(GIVEN MATERIAL Opens)

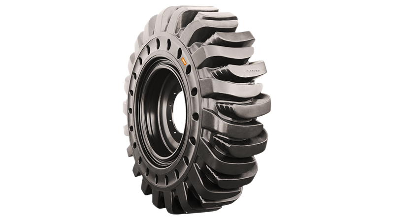 Featuring a wide footprint, Trelleborg’s COMFORT line tires provide better traction compared to standard solid tires. The wide, flat tread design affords excellent stability and extended operating hours, while a deep lug tread design gives three times more wear than a pneumatic tire.
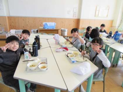 暖かい日だったので,ストーブを使わずに,給食を食べることができました!
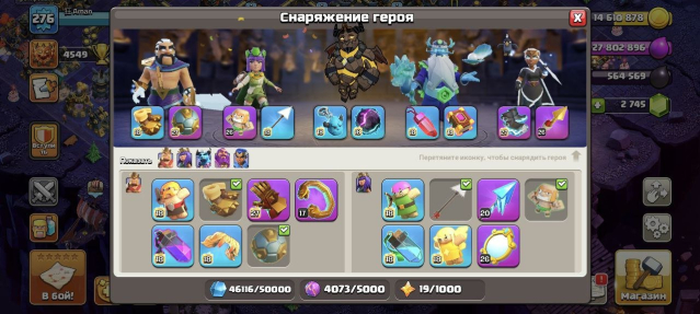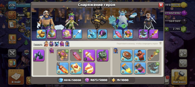 Уровень Ратуши: 17Краткое описание: ⚡️17𝐓𝐇 FULL 100%【276𝐋𝐕𝐋】⚡️💎12 ЭПИК СНАРЯГ💎🔵【ГЕРОИ 100/100/75/50】🔵 💙8 ОФОРМ💙🍀ПЕРЕПРИВЯЗКА🍀

(GIVEN MATERIAL Closes)

## EXERCISE REQUIREMENTS:
Transcribe the material exactly, keeping every word and none of the pictures.

## RESULT OF THIS EXERCISE:
 Featuring a wide footprint, Trelleborg’s COMFORT line tires provide better traction compared to standard solid tires. The wide, flat tread design affords excellent stability and extended operating hours, while a deep lug tread design gives three times more wear than a pneumatic tire.
 暖かい日だったので,ストーブを使わずに,給食を食べることができました!
 Уровень Ратуши: 17Краткое описание: ⚡️17𝐓𝐇 FULL 100%【276𝐋𝐕𝐋】⚡️💎12 ЭПИК СНАРЯГ💎🔵【ГЕРОИ 100/100/75/50】🔵 💙8 ОФОРМ💙🍀ПЕРЕПРИВЯЗКА🍀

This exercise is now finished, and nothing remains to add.